◆ What is being asked:
Please copy exactly the part of the records below that opens with the line containing "Gdy oryginał zostanie" and closes with the line containing "Ahora en la", leaving out any pictures.

Data records below:

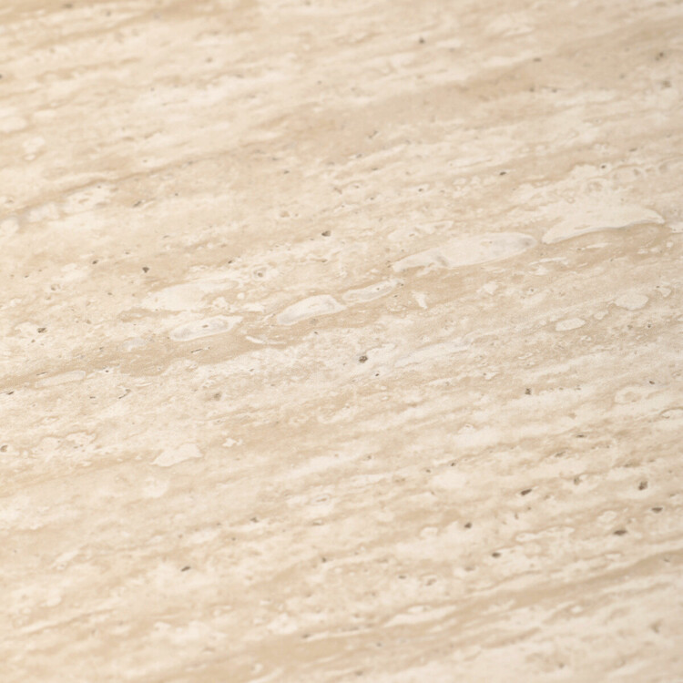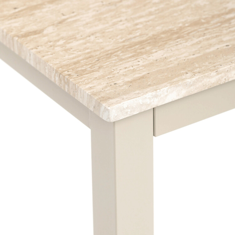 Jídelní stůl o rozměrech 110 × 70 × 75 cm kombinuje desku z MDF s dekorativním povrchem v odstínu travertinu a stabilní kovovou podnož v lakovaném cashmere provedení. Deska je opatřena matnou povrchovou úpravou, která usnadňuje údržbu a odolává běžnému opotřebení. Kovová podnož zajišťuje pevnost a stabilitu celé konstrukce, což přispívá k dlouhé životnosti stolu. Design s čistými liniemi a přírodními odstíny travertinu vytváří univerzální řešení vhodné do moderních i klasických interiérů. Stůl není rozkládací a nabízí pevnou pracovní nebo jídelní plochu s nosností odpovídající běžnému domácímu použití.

End of Data records.
Data records below:

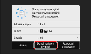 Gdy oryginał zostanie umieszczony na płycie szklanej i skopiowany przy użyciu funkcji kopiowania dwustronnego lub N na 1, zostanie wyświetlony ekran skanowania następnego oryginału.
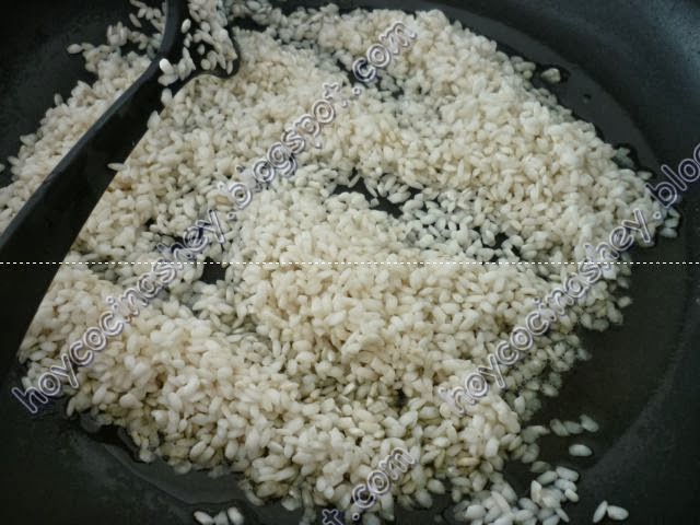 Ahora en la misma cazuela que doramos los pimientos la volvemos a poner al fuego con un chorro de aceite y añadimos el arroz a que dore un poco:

End of Data records.

◆ Result of the exercise:
 Gdy oryginał zostanie umieszczony na płycie szklanej i skopiowany przy użyciu funkcji kopiowania dwustronnego lub N na 1, zostanie wyświetlony ekran skanowania następnego oryginału.
 Ahora en la misma cazuela que doramos los pimientos la volvemos a poner al fuego con un chorro de aceite y añadimos el arroz a que dore un poco:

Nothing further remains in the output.